PROBLEM
Copy word for word the lines of the records below, beginning at the one with "A tribuna da" and finishing at the one with "將包裹著鰹魚片的嫩豆腐炸至金", ends included, but none of the pictures.

MATERIAL FOR THE TASK
☆ ☆ ☆

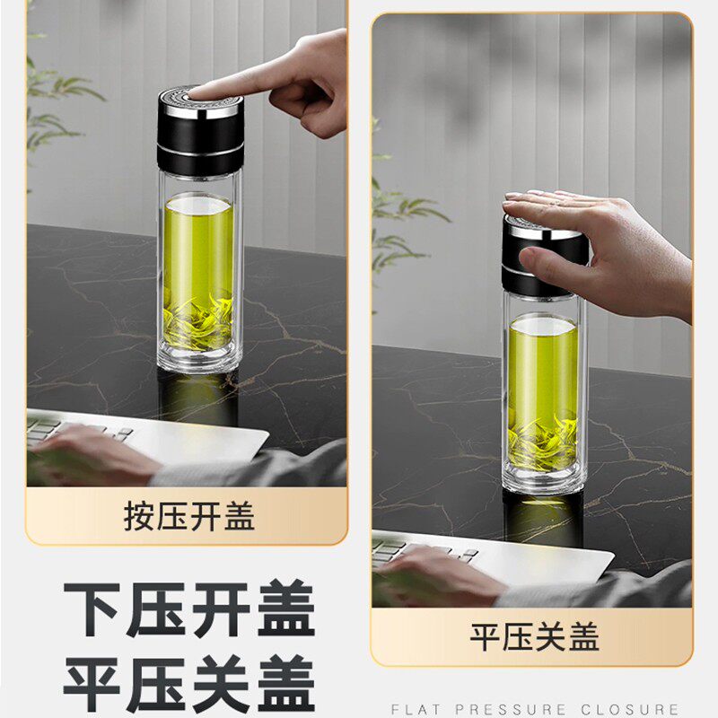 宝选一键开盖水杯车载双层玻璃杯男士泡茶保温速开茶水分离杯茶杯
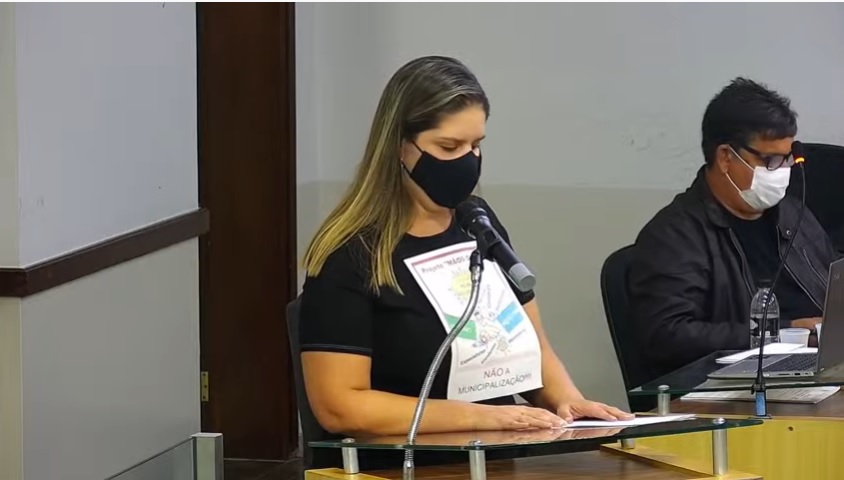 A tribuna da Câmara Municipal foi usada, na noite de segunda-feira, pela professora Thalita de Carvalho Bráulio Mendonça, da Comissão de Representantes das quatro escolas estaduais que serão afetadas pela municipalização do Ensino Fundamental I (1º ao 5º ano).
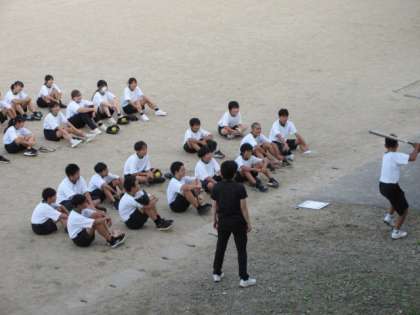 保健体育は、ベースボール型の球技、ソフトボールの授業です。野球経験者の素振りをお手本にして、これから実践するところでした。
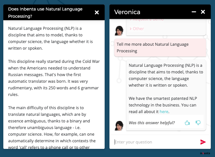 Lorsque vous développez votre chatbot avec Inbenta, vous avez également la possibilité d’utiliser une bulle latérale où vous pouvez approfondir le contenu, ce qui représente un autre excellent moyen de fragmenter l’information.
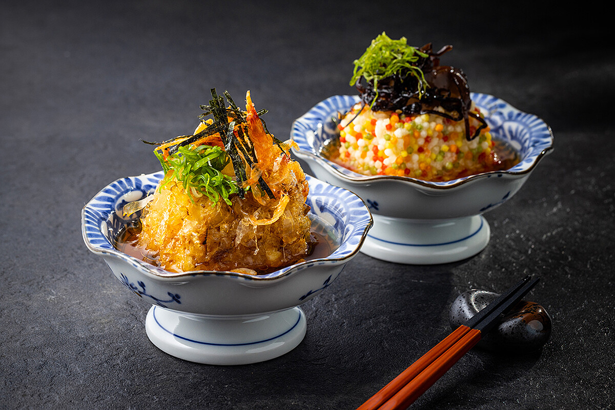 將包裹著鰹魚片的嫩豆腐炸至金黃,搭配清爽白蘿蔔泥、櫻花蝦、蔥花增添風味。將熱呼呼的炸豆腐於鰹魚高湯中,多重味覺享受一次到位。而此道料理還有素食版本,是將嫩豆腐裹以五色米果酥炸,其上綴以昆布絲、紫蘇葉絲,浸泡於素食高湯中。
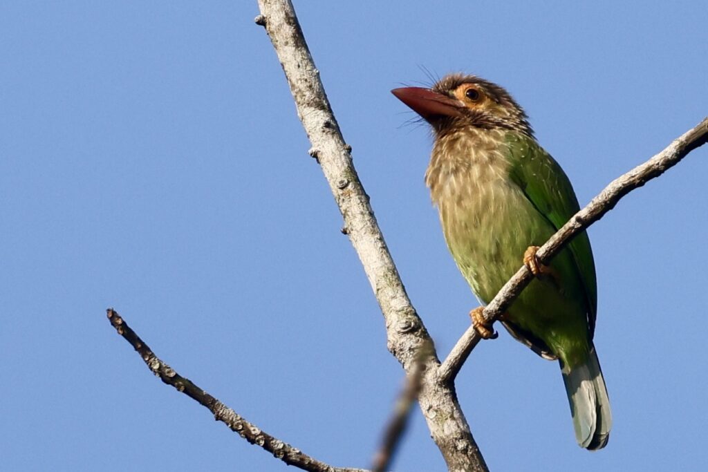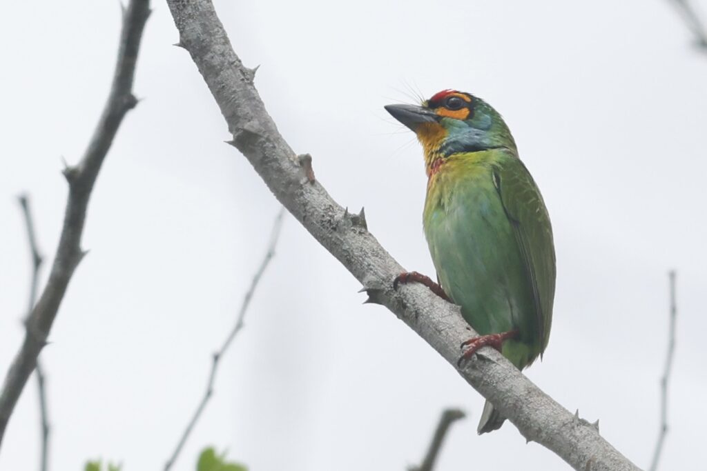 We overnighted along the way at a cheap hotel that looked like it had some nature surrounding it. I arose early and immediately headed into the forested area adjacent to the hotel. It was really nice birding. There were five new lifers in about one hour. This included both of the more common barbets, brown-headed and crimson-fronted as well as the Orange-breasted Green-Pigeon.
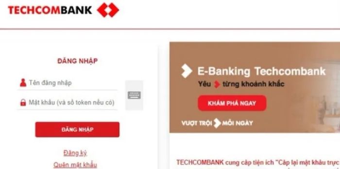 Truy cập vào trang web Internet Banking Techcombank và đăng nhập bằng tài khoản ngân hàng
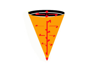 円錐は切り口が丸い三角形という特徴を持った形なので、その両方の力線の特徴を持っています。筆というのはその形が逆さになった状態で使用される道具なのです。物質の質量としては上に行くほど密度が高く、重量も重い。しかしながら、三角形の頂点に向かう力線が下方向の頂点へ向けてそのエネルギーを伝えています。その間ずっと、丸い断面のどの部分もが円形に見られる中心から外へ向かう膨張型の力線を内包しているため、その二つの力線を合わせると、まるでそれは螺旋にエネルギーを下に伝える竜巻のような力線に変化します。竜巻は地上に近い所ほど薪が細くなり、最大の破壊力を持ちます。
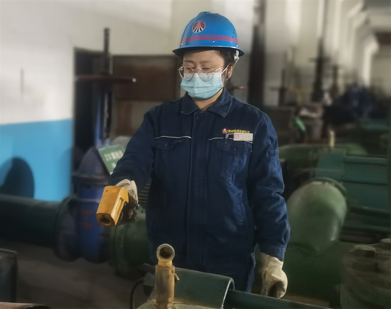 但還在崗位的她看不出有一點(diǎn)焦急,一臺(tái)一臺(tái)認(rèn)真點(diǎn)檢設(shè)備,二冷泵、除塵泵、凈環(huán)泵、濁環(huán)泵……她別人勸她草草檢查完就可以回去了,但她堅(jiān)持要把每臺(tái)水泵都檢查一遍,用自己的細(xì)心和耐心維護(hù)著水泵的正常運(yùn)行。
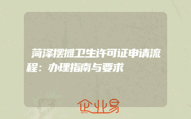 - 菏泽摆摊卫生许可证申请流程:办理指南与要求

☆ ☆ ☆

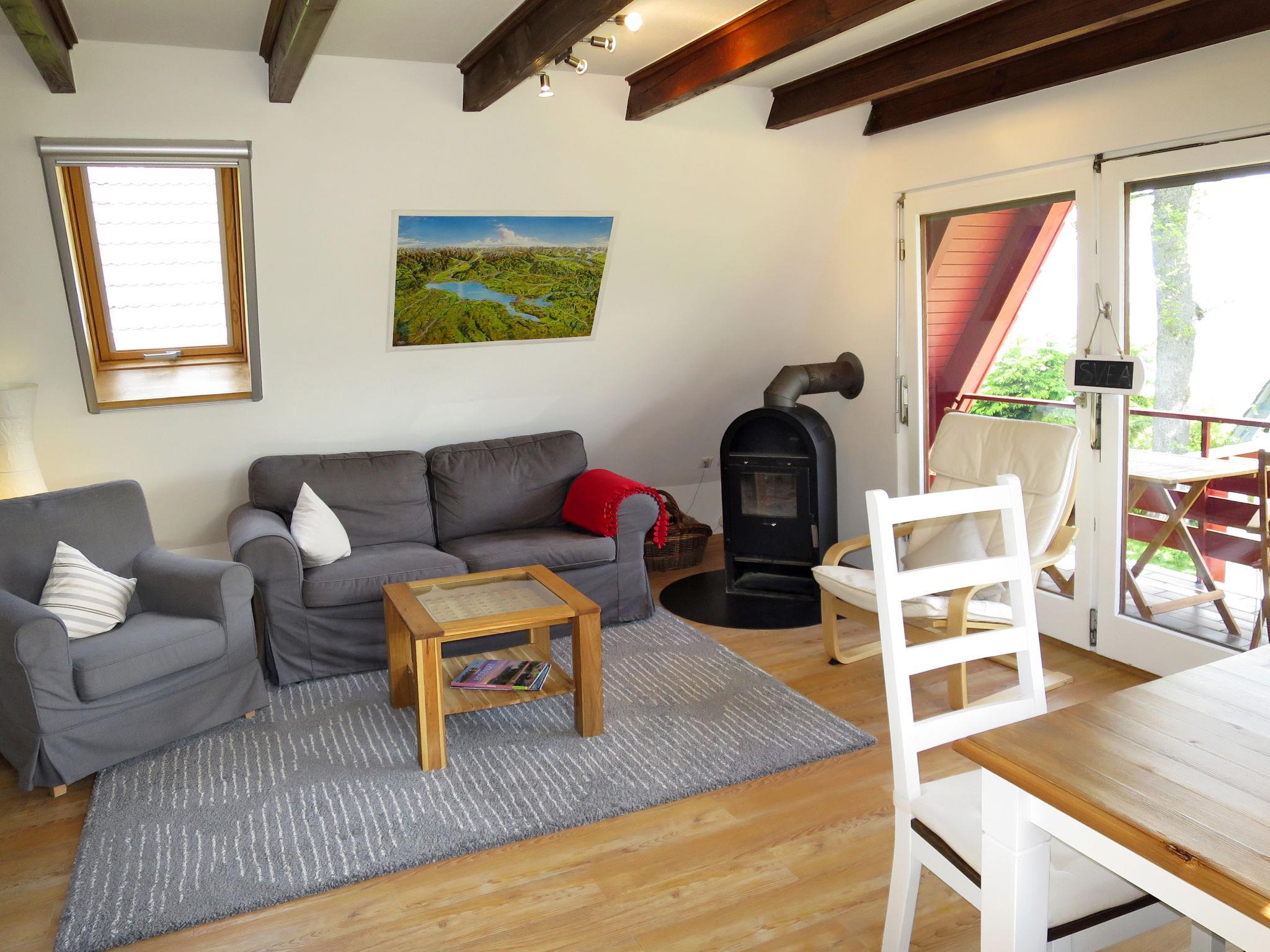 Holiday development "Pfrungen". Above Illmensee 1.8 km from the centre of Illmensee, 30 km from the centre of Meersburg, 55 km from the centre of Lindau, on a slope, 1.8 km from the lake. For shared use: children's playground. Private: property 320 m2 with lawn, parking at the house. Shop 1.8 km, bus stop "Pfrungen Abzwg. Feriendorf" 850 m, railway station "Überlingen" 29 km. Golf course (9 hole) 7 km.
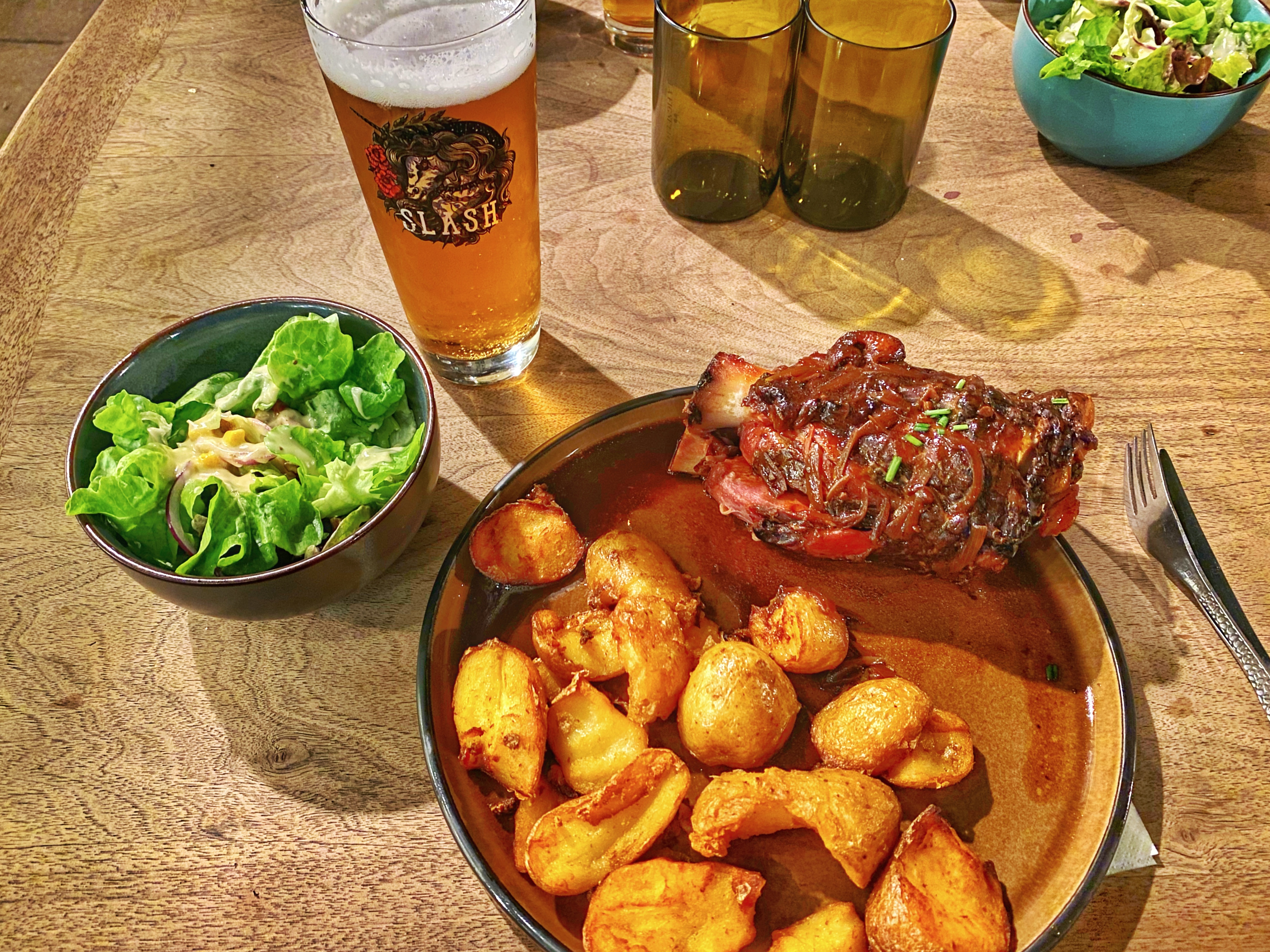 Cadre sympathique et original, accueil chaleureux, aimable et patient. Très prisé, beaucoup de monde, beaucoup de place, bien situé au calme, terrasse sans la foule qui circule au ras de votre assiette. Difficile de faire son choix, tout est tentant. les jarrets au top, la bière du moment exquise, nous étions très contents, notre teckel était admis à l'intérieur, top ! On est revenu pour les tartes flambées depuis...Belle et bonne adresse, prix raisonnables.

☆ ☆ ☆

EXERCISE SOLUTION
 A tribuna da Câmara Municipal foi usada, na noite de segunda-feira, pela professora Thalita de Carvalho Bráulio Mendonça, da Comissão de Representantes das quatro escolas estaduais que serão afetadas pela municipalização do Ensino Fundamental I (1º ao 5º ano).
 保健体育は、ベースボール型の球技、ソフトボールの授業です。野球経験者の素振りをお手本にして、これから実践するところでした。
 Lorsque vous développez votre chatbot avec Inbenta, vous avez également la possibilité d’utiliser une bulle latérale où vous pouvez approfondir le contenu, ce qui représente un autre excellent moyen de fragmenter l’information.
 將包裹著鰹魚片的嫩豆腐炸至金黃,搭配清爽白蘿蔔泥、櫻花蝦、蔥花增添風味。將熱呼呼的炸豆腐於鰹魚高湯中,多重味覺享受一次到位。而此道料理還有素食版本,是將嫩豆腐裹以五色米果酥炸,其上綴以昆布絲、紫蘇葉絲,浸泡於素食高湯中。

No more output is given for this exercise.